NavList:

A couple of quick thoughts.

If you assume a perfect sphere, then the radius of the Earth is 60·180/pi nautical miles. That's my favorite magic number: 3438. 

For your specific problem, the most important issue here is that the longitudes are nearly the same. This implies that you can already see the great circle path on a common globe. It's a line of longitude. And distance measured anywhere along that great circle is just difference in latitude. And this will also be nearly identical to the rhumbline distance (exactly identical if the difference in longitude is exactly zero). Even if we did not have this special case of nearly identical longitudes, the distance is short enough to guarantee that the great circle and the rhumbline path (and distance) are insignificantly different. As a rule of thumb (or a rhumb of thule in colder climes), if the distance is less than 1000 nautical miles, you can ignore the difference between great circles and rhumblines except at high latitudes.

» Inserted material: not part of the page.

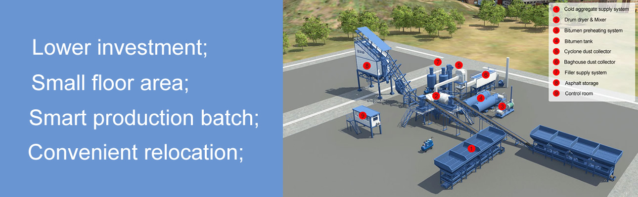 QLB series mobile asphalt mixing plant has simple and beautiful structure and high degree of modularization in design. It is used for the construction and maintenance of urban and rural infrastructure.

Suppose you could bore a tunnel that's a true straight line from Auckland to Wellington. It would not be practical, but just for a super-tech game, let's go with it. Let's make the train float on friction-less wheels or a magnetic field with no resistance. And --now getting really impractical-- let's evacuate the tunnel so that it is a hard vacuum ensuring no air resistance. The train sits at the station in Wellington. It is not level, of course, and is angled slightly downhill toward Auckland, held at the station by a hook. Now un-hook. It will fall, very slowly at first, down that shallow incline towards its destination. At the mid-point, it will gliding along at a pretty good clip, but after that it will start to rise uphill and the train will decelerate. And suddenly this is a classic physics 101 puzzler: will this unpowered train reach its destination? How long will it take to get there? And how long would it take if we dug the same straight tunnel to Honolulu instead? Spoiler: it arrives at the end point just as its speed drops to zero and the trip takes 45 minutes (which for deep and fascinating reasons) is half the orbital period of a satellite in LEO (Low Earth Orbit).

Frank Reed
PS: This train biz is off-topic (and we should wind that down within 24 hours) but the parts about great circles and rhumblines and 3438 and all that are reasonably on-topic, I think. :)